▶ WHAT IS REQUIRED: Leaving out all pictures, give again each line exactly, from the start of the listing through the line that contains "目が覚めるような鮮やかなブル".
#### EXERCISE INPUT
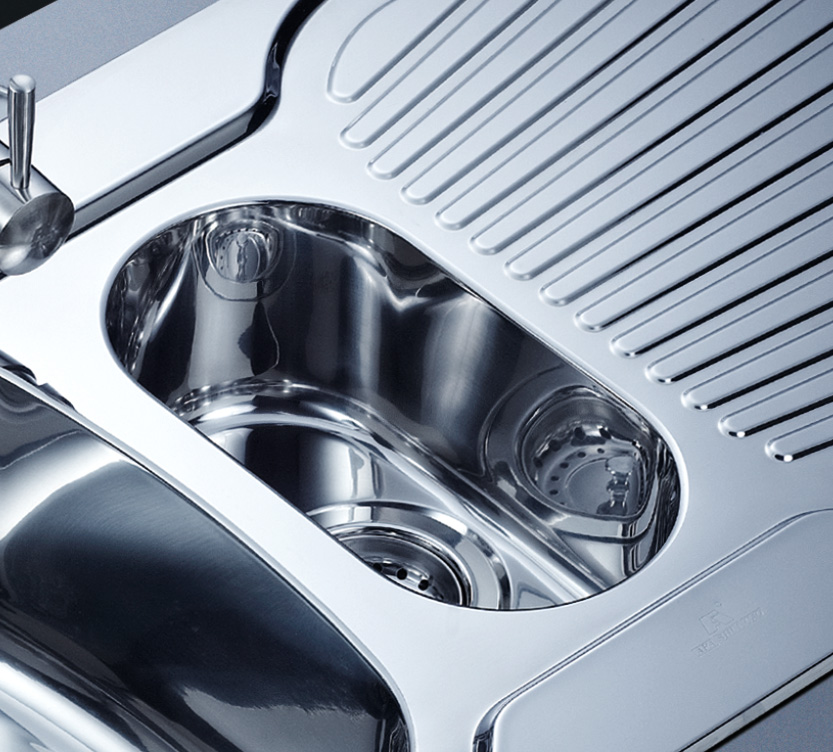 阿發水槽立邊采用國際先進的10-25°小R角一次成型拉伸技術,更具立體感與時尚潮流,亦能充分擴展水槽利用空間;一次成型拉伸技術,杜絕了焊接工藝易產生的水槽生銹,脫焊事故,充分保障水槽50年以上的使用壽命
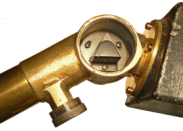 Le bouton gradué commande le déplacement de la lentille interne positionnée entre la fente et le prisme lors de la mise au point de l'image du spectre. Le prisme de Cornu utilisé pour la dispersion est constitué par deux demi-prismes en quartz droit et gauche accolés. Il permet d'obtenir un spectre couvrant l'ultra-violet et le visible, c'est-à-dire les longueurs d'onde de 185 à 800 nanomètres (1 nm = 10-9 m). Lorsque l'on utilisait cet appareil, bien avant la mise en place du système international d'unités (SI), les longueurs d'onde étaient exprimées en angstrœms (symbole Å), tels que 10 Å = 1 nm. |
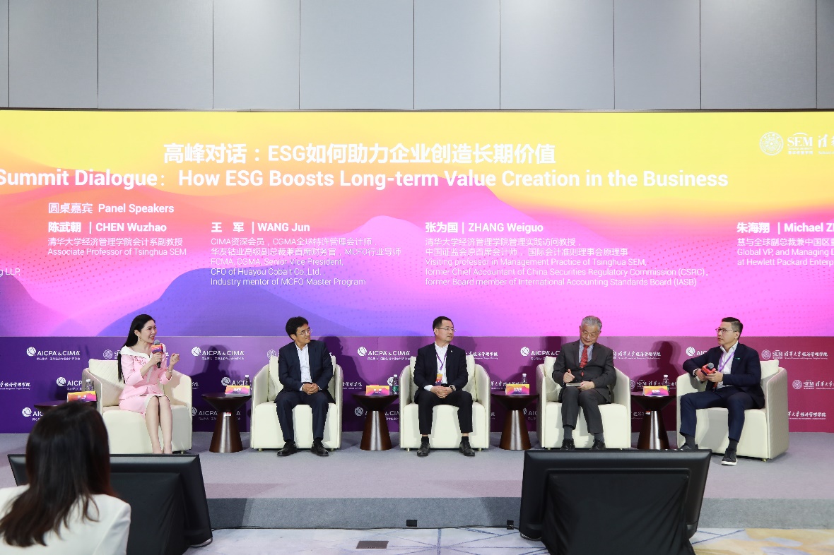 围绕ESG主题的高峰对话由安永大中华区金融服务可持续发展服务合伙人、安永大中华区ESG管理办公室主任李菁主持。公司会计系副教授陈武朝,华友钴业高级副总裁兼首席财务官王军和张为国等嘉宾从研究角度到实践角度,从学术端到企业端,深度探讨了ESG问题。他们认为,ESG第一是合规管理,第二是价值增值活动,企业按照ESG披露的方向去做,追求的是未来的价值。
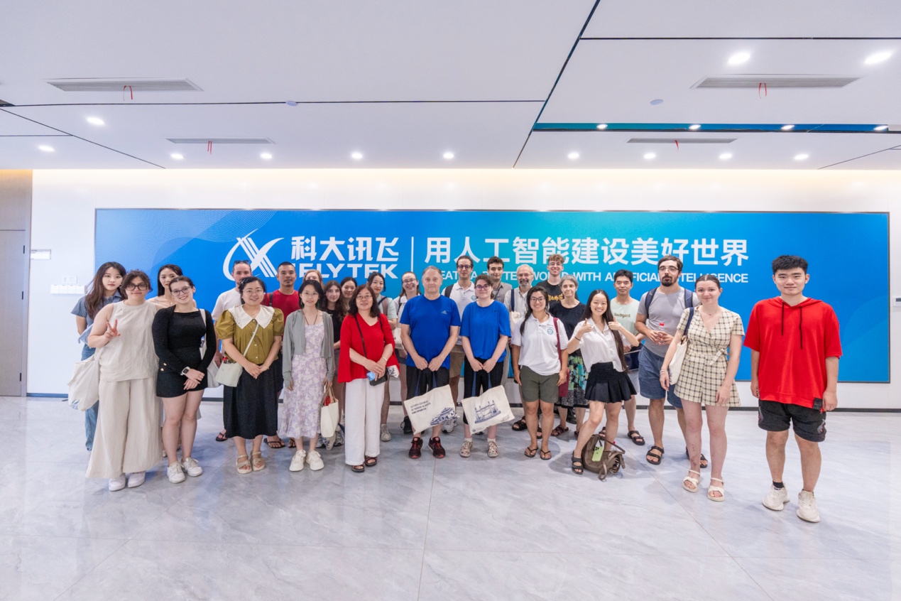 7月16日下午,代表团与马院师生一同来到科大讯飞华中公司,感受AI在各领取的发展应用。在讲解员的带领下,一行人跟着中法实时翻译器的准确传达,深入体验了AI+教育、AI+医疗、AI+城市、AI+工业等板块。智能的人机交互、实时准确的翻译内容、科技感慢慢的产品应用引得师生们赞叹连连。同学们深刻感受到,在科技的飞速发展中国际交流正变得更加便捷,国与国之间的距离正变得越来越近。中国领先的科技水平,正在引领世界潮流。
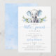 Blue Floral Elephant Little Peanut Baby Boy Shower Invitation
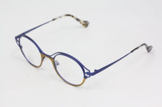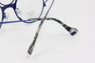 目が覚めるような鮮やかなブルーと、ビタミンカラーなイエローの組み合わせが目を引くメタルフレーム。
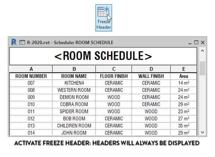 บางครั้งการที่เรามีตารางยาวๆใน Revit อาจทำให้เรามีปัญหาเมื่อใช้ Scroll mouse เลื่อนลงไปดูข้อมูลในแถวล่างๆ เพราะเราจะมองไม่เห็นว่าแต่ละคอลัมน์คือคอลัมน์อะไร ฟังก์ชั่นใหม่นี้ จะเหมือนกับที่เรา Freeze Header ใน excel เลยครับ ทำให้สะดวกมากขึ้นในการใช้งานครับ
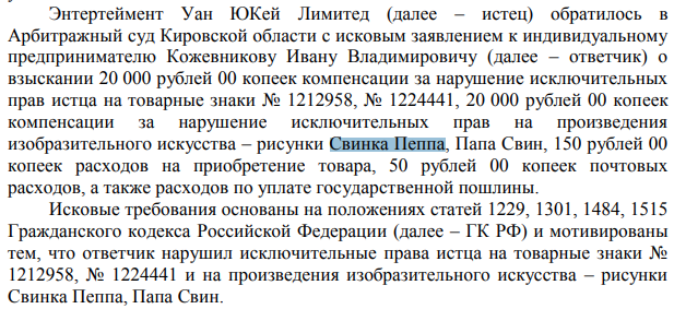 Фееричная история совершенно. Есть такой сверхпопулярный мультфильм "Свинка Пеппа". Всеми правами на персонажей мультфильма обладает компания Энтертеймент Уан ЮКей Лимитед. Некий российский ИП Кожевников И.В. незаконно использовал персонажей из данного мультфильма. Компания обратилась в суд по факту нарушения своих авторских прав.
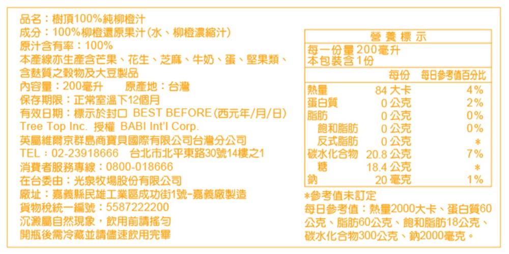 品嚐樹頂100%純柳橙汁!嚴選新鮮柳橙,不添加糖,保留最原始的鮮甜滋味。每包含有200毫升的純果汁,一組六入,方便隨時隨地補充維生素C。無論是早餐、午餐或點心,樹頂柳橙汁都是健康美味的好選擇。讓您和家人一同享受這份來自大自然的恩賜,感受柳橙的活力與健康!
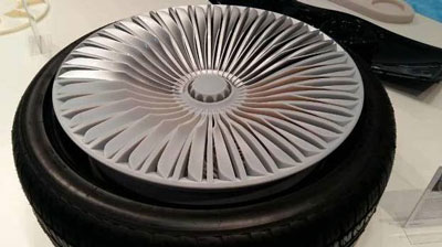 下圖的Stratasys的汽車輪胎原型是為賓利定制的,輪胎與輪轂一次性制造完成,與原車的輪胎大?。?:1;材料名稱:VeroGrey;制造時間:188小時28分鐘;材料消耗:24995g;支撐材料消耗:27413g
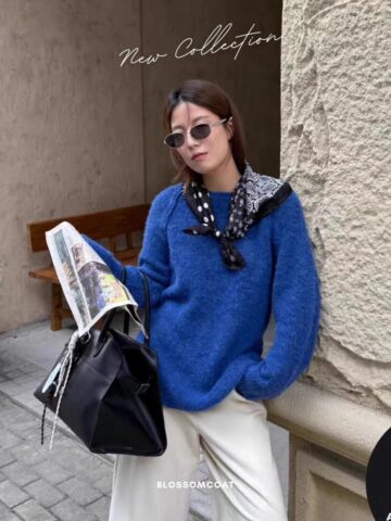 B5300 เสื้อไหมพรมแคชเมียร์ทอห่าง+ผ้าพันคอ
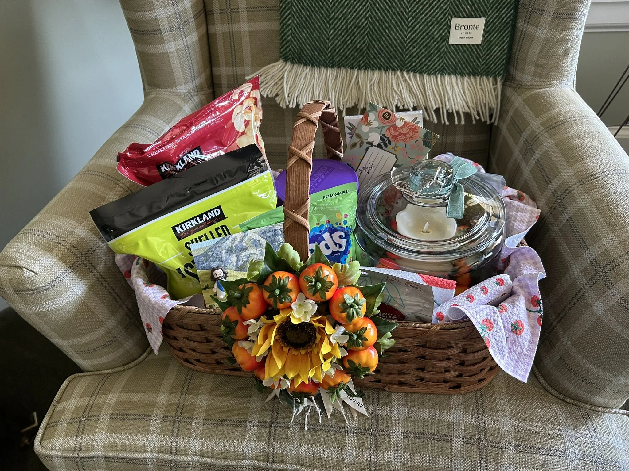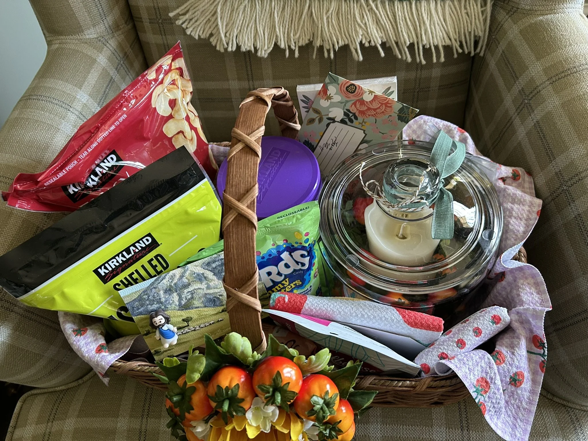 Sometimes the gift is a simple glass jar with a favorite battery operated “Luminara” candle inside, wrapped with a simple strand of realistic looking faux greenery in the bottom of the jar. Other times I order a basket from my favorite Amish basket makers in the Midwest, line it with a meaningful dishtowel, and begin filling it with treats, books, and other items I hope the family will enjoy.
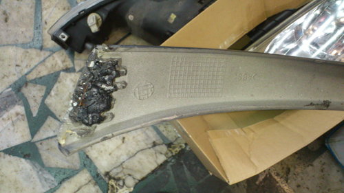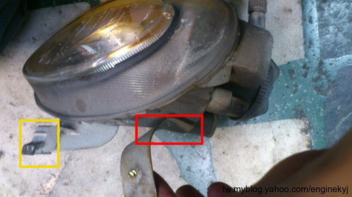 右邊的霧燈進水生鏽.拆下來看.原來是之前撞到固定腳斷掉.黃色匡的地方無法固定住霧燈.
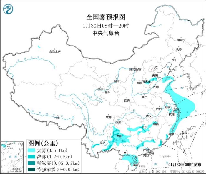 此外,1月30日早晨至上午,河北南部、山东东部、浙江北部和东部、福建东部、湖南中部、江西中部、贵州中南部、云南中部和东部、广西北部和南部、广东北部和西南部、海南北部等地的部分地区有能见度不足1公里的大雾天气,其中,河北南部、浙江北部、湖南中部、贵州中部、云南中部和东部、广东北部等地的部分地区有能见度不足500米的浓雾,局地有能见度不足200米的强浓雾。
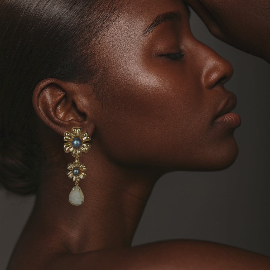 Crafted in 14k gold-plated metal, each floral element is set with a glowing semi-precious stone, while an opaline teardrop adds a soft, natural luminosity. Designed for versatility, the studs include a hidden hook, allowing you to wear them four ways—as delicate studs, as a single-drop style, or with the full cascading silhouette. A piece that evolves with your mood, grounded in nature’s quiet elegance.
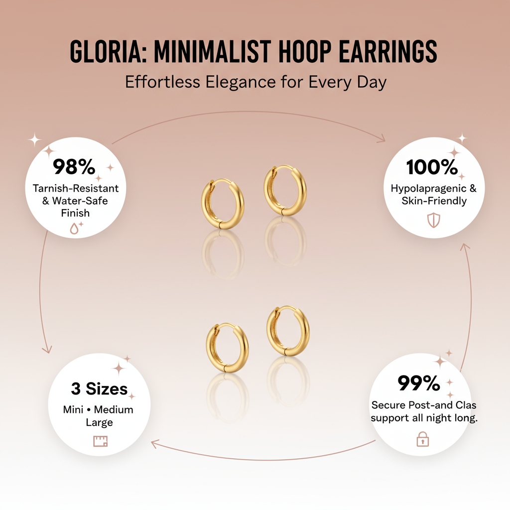 โข 14K gold plating over durable brass core โข Hypoallergenic finish reduces irritation โข Tarnish-resistant and water-resistant โข Lightweight with secure post-back clasp
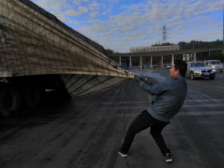 记者在深圳海吉星现场了解到,80后、安徽阜阳人韩国潘驾30吨蔬菜长车,从云南昆明一路奔向深圳海吉星。他的老乡陈勇冲过来帮忙卸货。韩国潘拽下盖在大车上的帆布。他笑着对记者说:“我有两个孩子,我要努力!”
########
▶ RESULT OF THIS EXERCISE:
 阿發水槽立邊采用國際先進的10-25°小R角一次成型拉伸技術,更具立體感與時尚潮流,亦能充分擴展水槽利用空間;一次成型拉伸技術,杜絕了焊接工藝易產生的水槽生銹,脫焊事故,充分保障水槽50年以上的使用壽命
 Le bouton gradué commande le déplacement de la lentille interne positionnée entre la fente et le prisme lors de la mise au point de l'image du spectre. Le prisme de Cornu utilisé pour la dispersion est constitué par deux demi-prismes en quartz droit et gauche accolés. Il permet d'obtenir un spectre couvrant l'ultra-violet et le visible, c'est-à-dire les longueurs d'onde de 185 à 800 nanomètres (1 nm = 10-9 m). Lorsque l'on utilisait cet appareil, bien avant la mise en place du système international d'unités (SI), les longueurs d'onde étaient exprimées en angstrœms (symbole Å), tels que 10 Å = 1 nm. |
 围绕ESG主题的高峰对话由安永大中华区金融服务可持续发展服务合伙人、安永大中华区ESG管理办公室主任李菁主持。公司会计系副教授陈武朝,华友钴业高级副总裁兼首席财务官王军和张为国等嘉宾从研究角度到实践角度,从学术端到企业端,深度探讨了ESG问题。他们认为,ESG第一是合规管理,第二是价值增值活动,企业按照ESG披露的方向去做,追求的是未来的价值。
 7月16日下午,代表团与马院师生一同来到科大讯飞华中公司,感受AI在各领取的发展应用。在讲解员的带领下,一行人跟着中法实时翻译器的准确传达,深入体验了AI+教育、AI+医疗、AI+城市、AI+工业等板块。智能的人机交互、实时准确的翻译内容、科技感慢慢的产品应用引得师生们赞叹连连。同学们深刻感受到,在科技的飞速发展中国际交流正变得更加便捷,国与国之间的距离正变得越来越近。中国领先的科技水平,正在引领世界潮流。
 Blue Floral Elephant Little Peanut Baby Boy Shower Invitation
 目が覚めるような鮮やかなブルーと、ビタミンカラーなイエローの組み合わせが目を引くメタルフレーム。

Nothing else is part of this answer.